Understanding cyber-security and being aware of technology risks is everyone's responsibility.

Security Awareness Training

Security awareness training is an important part of UNC Charlotte’s IT security and compliance program. Employees have access to information and data that may be confidential or sensitive in nature; therefore, it is important to know how to safeguard that information.

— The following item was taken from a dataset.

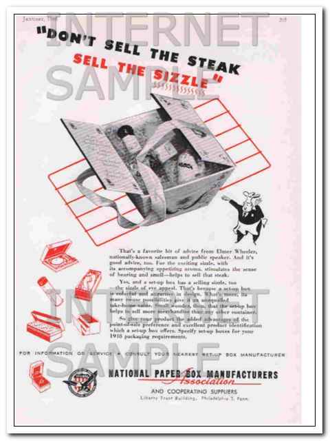 Original vintage industrial magazine ad, for And Coo NATIONAL PAPER BOX MANUFACTURERS ASSOCIATION and Coperating Suppliers of Philadelphia, PA. Don't Sell The Steak, Sell The Sizzle! Advice from Elmer Wheeler. Old dated 1948 industry advertisement. (The scan shows a slight pink tint that is not on the actual ad.)

The online Security Awareness training is designed to raise awareness about information security, good information security practices, and related university IT policies. The online, video-based training is comprised of 13 core modules, ranging from 1 to 5 minutes each and will take about 45 minutes to complete. Videos can be viewed individually as time permits and closed captioning is available. 

All employees are encouraged to take this training. Security Awareness Training FAQ.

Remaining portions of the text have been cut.